From problems to progress: A dialogue on prevailing issues in leadership research
Susan J. Ashford and Sim B. Sitkin
Professor Sue Ashford (Ross School of Business, University of Michigan) and COLE’s own Professor Sim Sitkin (Duke Fuqua) published a new piece on contemporary issues in leadership from their perspectives as late entrants to the world of leadership academia. They discuss challenges unique to their experiences with leadership research, from Ashford’s contention that newcomers don’t mix with legacy scholars which can result in siloes and redundancy to Sitkin’s point that the field was relatively stagnant before conferences like “New Directions,” which he argues may begin siloed into different rivulets but grow and merge into mighty streams of innovation and ideological advancement.
They discuss how the term “leadership” can be misapplied to a position rather than being used as an activity itself. The insidious force of “label creep” creates confusion among “leadership,” “authority,” and “management,” diluting the meaning of leadership across an array of behaviors and roles and taking away from its most pure form, as an act of social influence aimed at clarifying the direction of a collective and motivating others to help get it there. In a particularly striking analogy, Sitkin worries leadership has “gone the way of Kleenex or Xerox, [becoming] a generic term for something good and positive.” With this said, both agree on the importance of broadening the locations of leadership – that it occurs throughout organizations at every level.
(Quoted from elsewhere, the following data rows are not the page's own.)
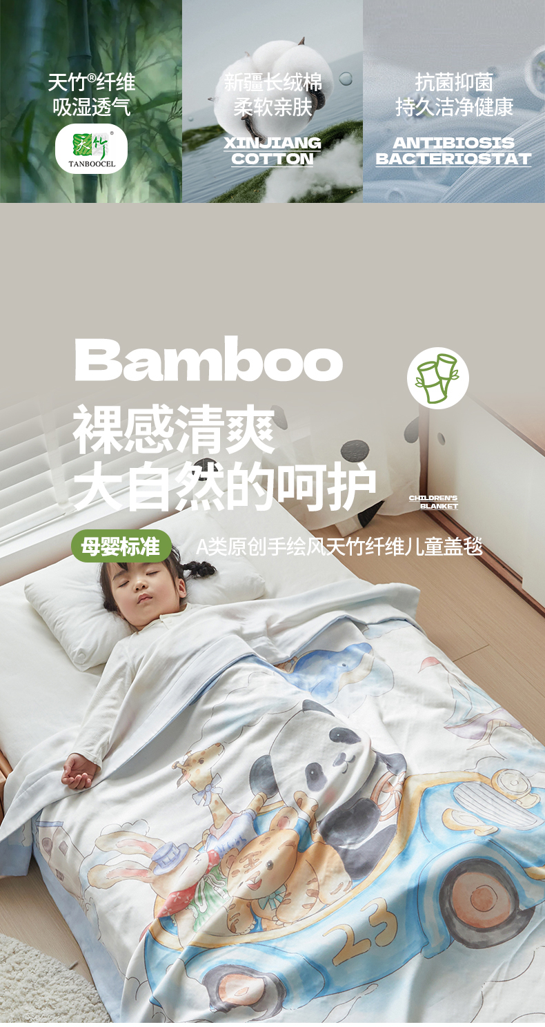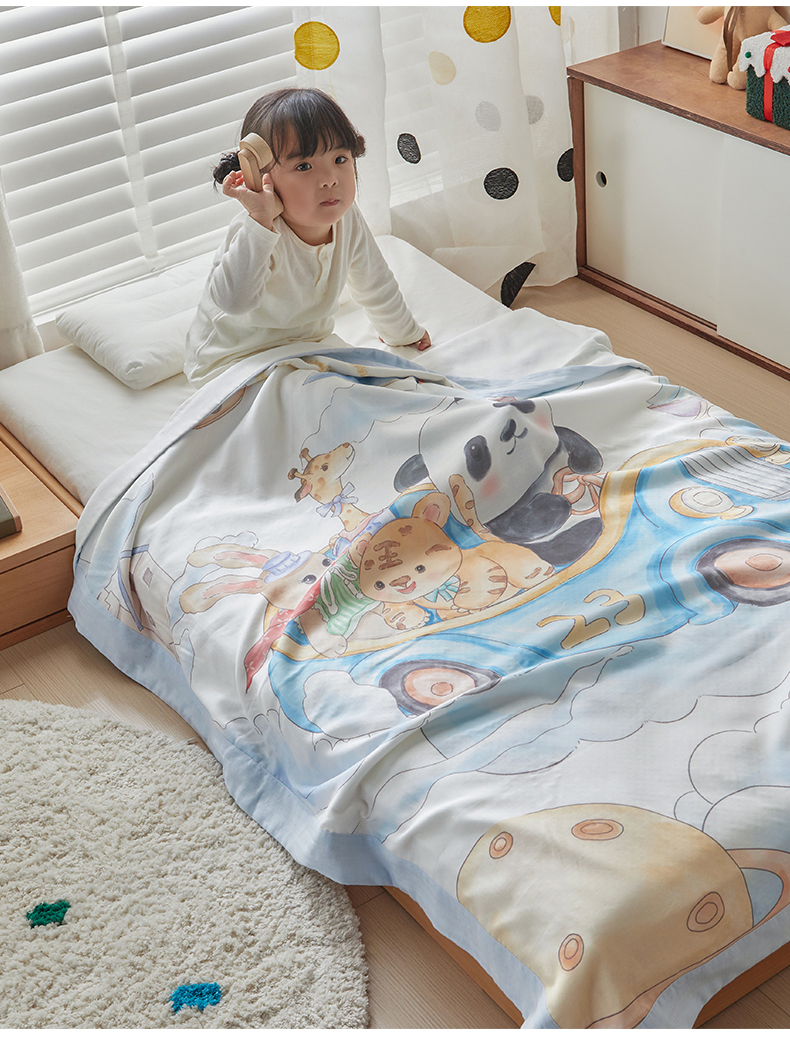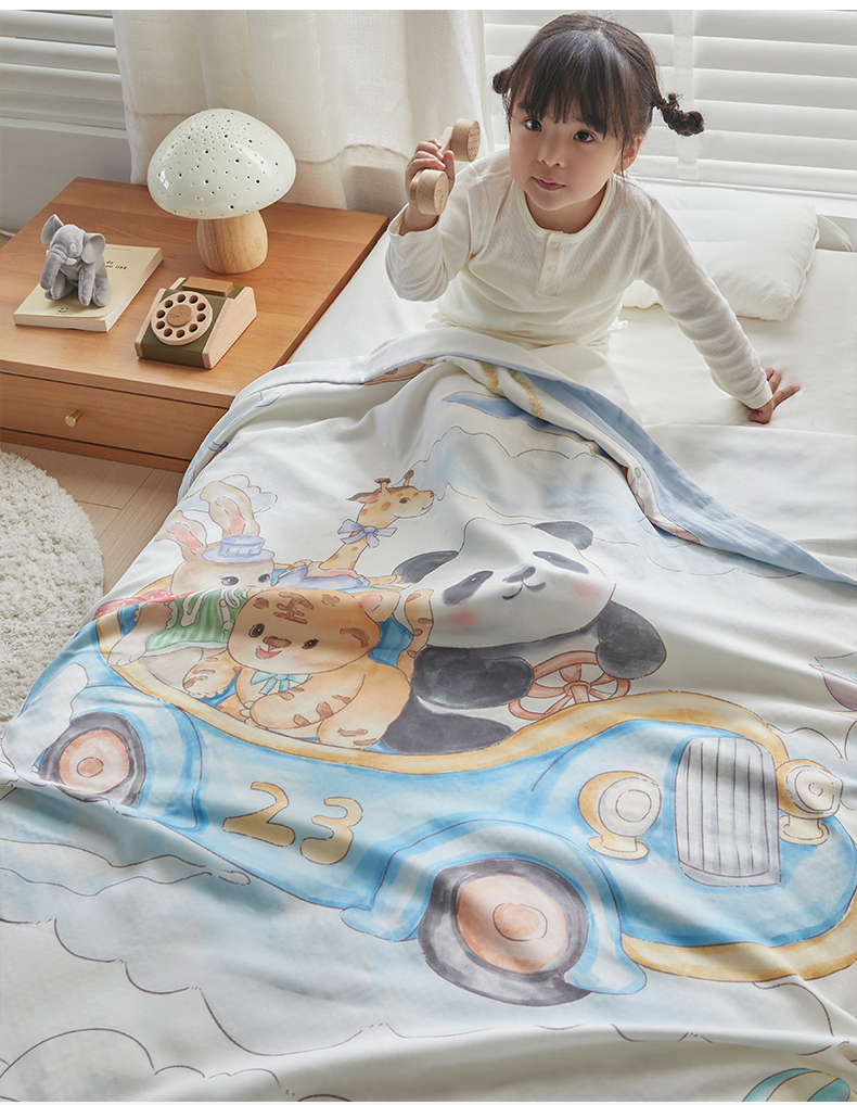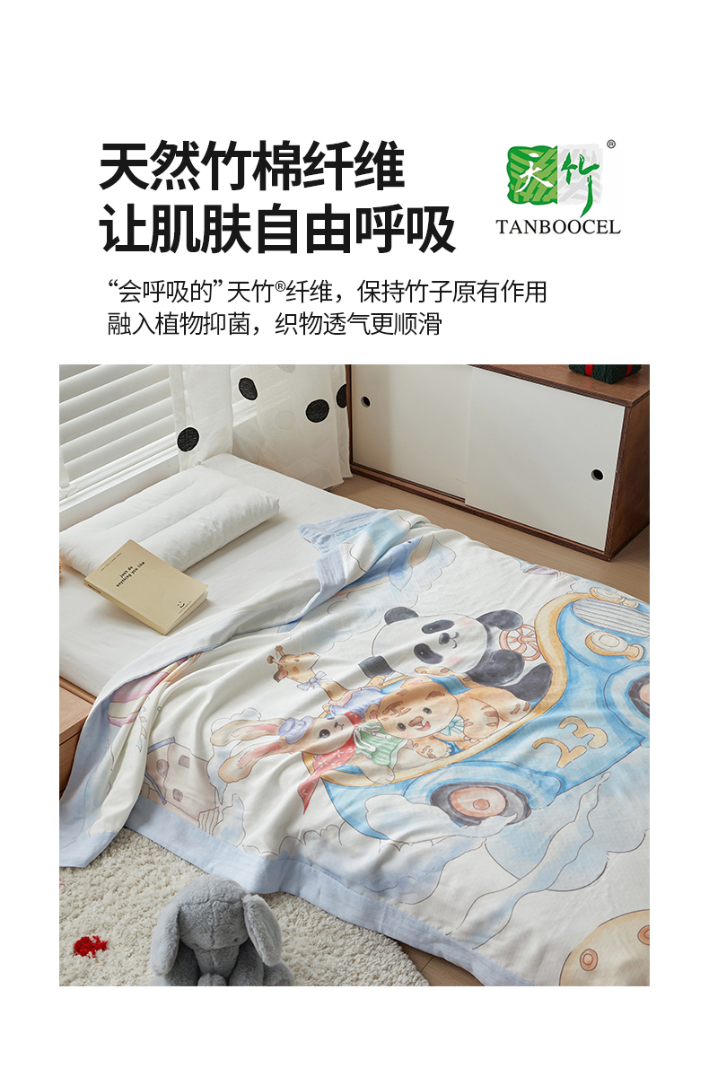 荷马之梦 2025新款天竹系列—A类原创手绘风大版天竹纤维四层纱儿童盖毯 跑跑小熊猫
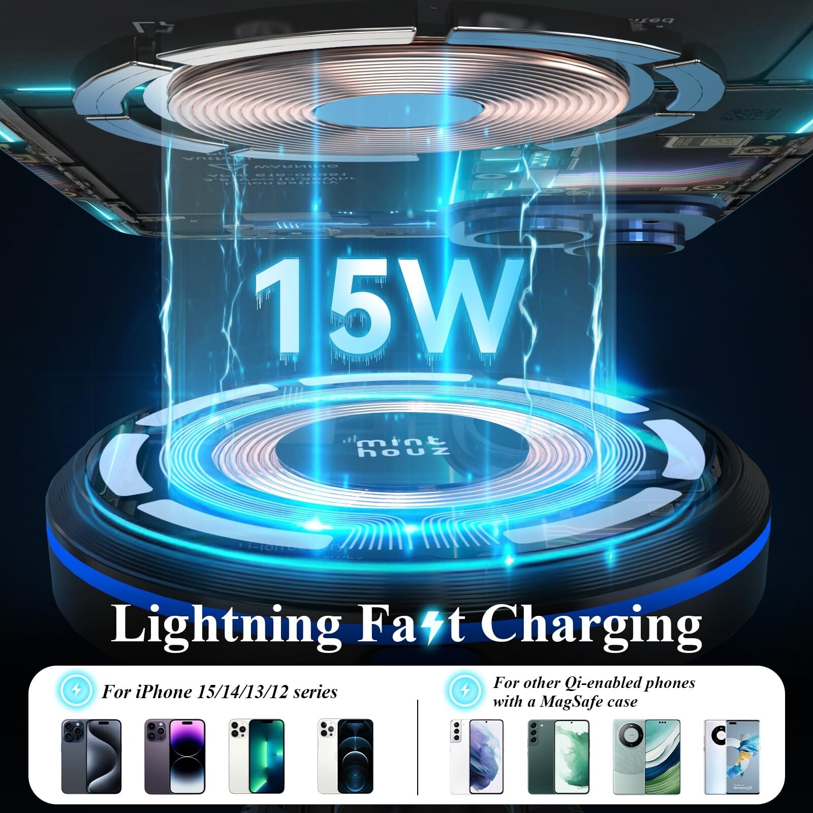 Magnetic Wireless Car Charger, Minthouz 15W Magsafe Car Mount Charger Fast Charging for iPhone 16/15/14/13/12 Series and Other Qi-Certified Phones with a MagSafe Case - Buy Now with Fast Shipping! Magnetic Wireless Car Charger, Minthouz 15W Magsafe Car Mount Charger Fast Charging for iPhone 16/15/14/13/12 Series and Other Qi-Certified Phones with a MagSafe Case Product Details Brand: Minthouz Connector Type: USB Type C Compatible Devices: Cellular Phones Compatible Phone Models: iPhone 15 Pro/ 15 Pro Max/15 Plus/15/ 14/14 Plus/14 Pro/14 Pro Max/iPhone 13/13 Pro/13 Pro Max/13 mini/iPhone 12 Pro Max / 12 Pro/ 12/ See more Included Components: Magnetic Wireless Car Charger, USB-A to USB-C Cable(1m), Quick Start Guide Special Feature: Magsafe Compatible Color: black Input Voltage: 5 Volts Total USB Ports: 1 Wattage: 15 watts Package Dimensions: 5.31 x 2.72 x 2.24 inches Item Weight: 2.72 ounces Item model number: MT-CW104 Date First Available: May 15, 2024 Manufacturer: Minthouz Country of Origin: China Key Features ✅ Maximize Your Charging SpeedElevate your charging experience with the Minthouz Magsafe car charger, which delivers a charging power of max. 15W, greatly shortening the charging time. Designed for iPhone 16/15/14/13/12 series and other Qi-compatible phones with a MagSafe case. For optimal performance, ensure that the case is no thicker than 5mm and doesn't have additional accessories attached. ✅ Expert Holder Featuring N52 MagnetsThe magnetic car phone charger boasts double layer N52 super magnets, firmly absorb as soon as the cell phone gets close to it, ensuring it stays in place even during sudden braking, sharp turns, or rough-road drives. Note: Using a MagSafe case or a case with strong magnetic properties while driving is recommended. ✅ Easy Placement & AdjustmentUnlike traditional clamp arm car phone holder mount, the Minthouz magnetic iPhone car mount allows you to pick and place your phone in one hand simply. The 360 adjustable ball joint provides various angles and orientations, ensuring you always have the most comfortable view while driving. ✅ Improved Stability & Wide CompatibilityAlong with an upgraded locking mechanism, the magnetic phone holder for car ensures an ultra-stable connection between your phone and the air vent. Designed to fit both vertical and horizontal blades, it is compatible with 99% car air vents. Note: Not suitable for round blades. ✅ Intelligent Chip for Enhanced SafetyThe magnetic charger for iPhone features an integrated intelligent chip to protect the entire charging process. Safeguards against overheating, short-circuit, over-current, over-voltage, and FOD (foreign object detection) ensure comprehensive protection. The cooling holes on the back efficiently dissipate excess heat, collectively with the chip, enhancing charging safety. Product Description
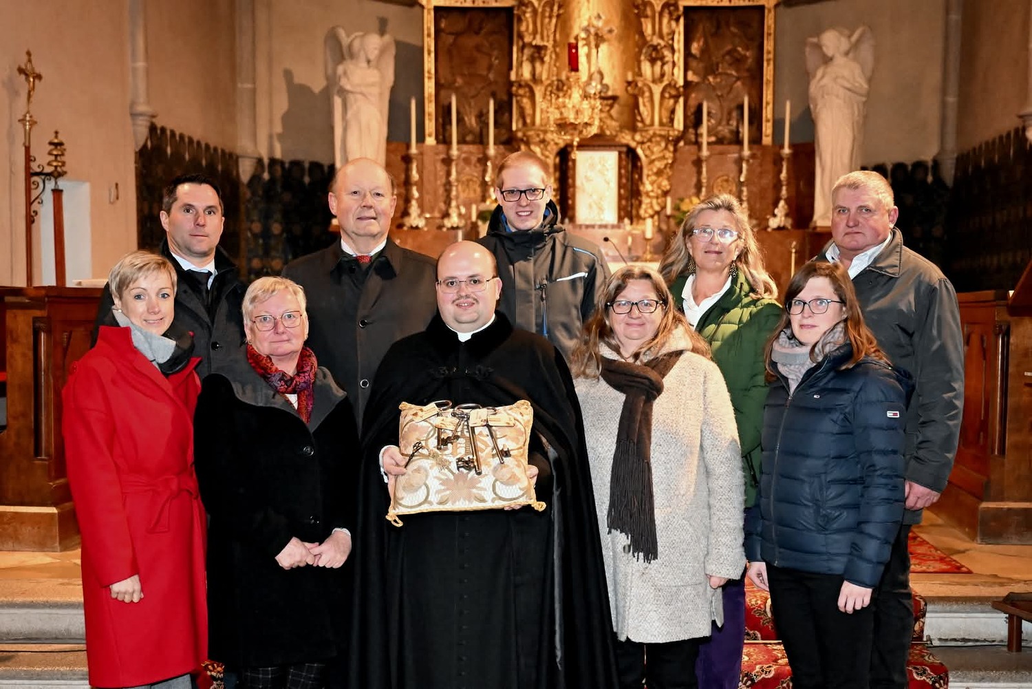 Vor der Kirche übergaben die Vorsitzenden Pfarrkirchenrat Stv. vom Pfarrverband, aus St. Peter/Au Anton Höritzauer - vertreten durch Christoph Ratzberger, aus Weistrach Karl Stöckler, aus Ertl Ferdinand Schenkermayr - vertreten durch Marie-Therese Hartig und aus Kürnberg Franz Huber, die Schlüssel der vier Kirchen, mit einem eigens dazu angefertigten Schlüsselanhänger, an Pfarrverbands Pfarrer Alexander Fischer.

Both professors also draw conclusions about the current state of leadership scholarship and the avenues they see inviting further study. Ashford is particularly excited about shifting “up a level or down a level,” the former looking at patterns of team leadership on a more macro level and the later taking a micro look at leader-like actions by individuals who may or may not consider themselves natural leaders. Sitkin argues for the need to keep the components of leadership distinct so as to allow their study in systematic ways, while Ashford agrees and extends the point with the twist that we ought to more carefully put together a “leadership can come from anywhere” perspective. They place particular emphasis on people thinking as leaders who may not traditionally perceive themselves to be, and Sitkin posits leadership as a subset of the broader activity of influence. Finally, they discuss their common desire for leadership studies to become more precise and clearer while also gaining applicability and relevance to practicing leaders in the real world.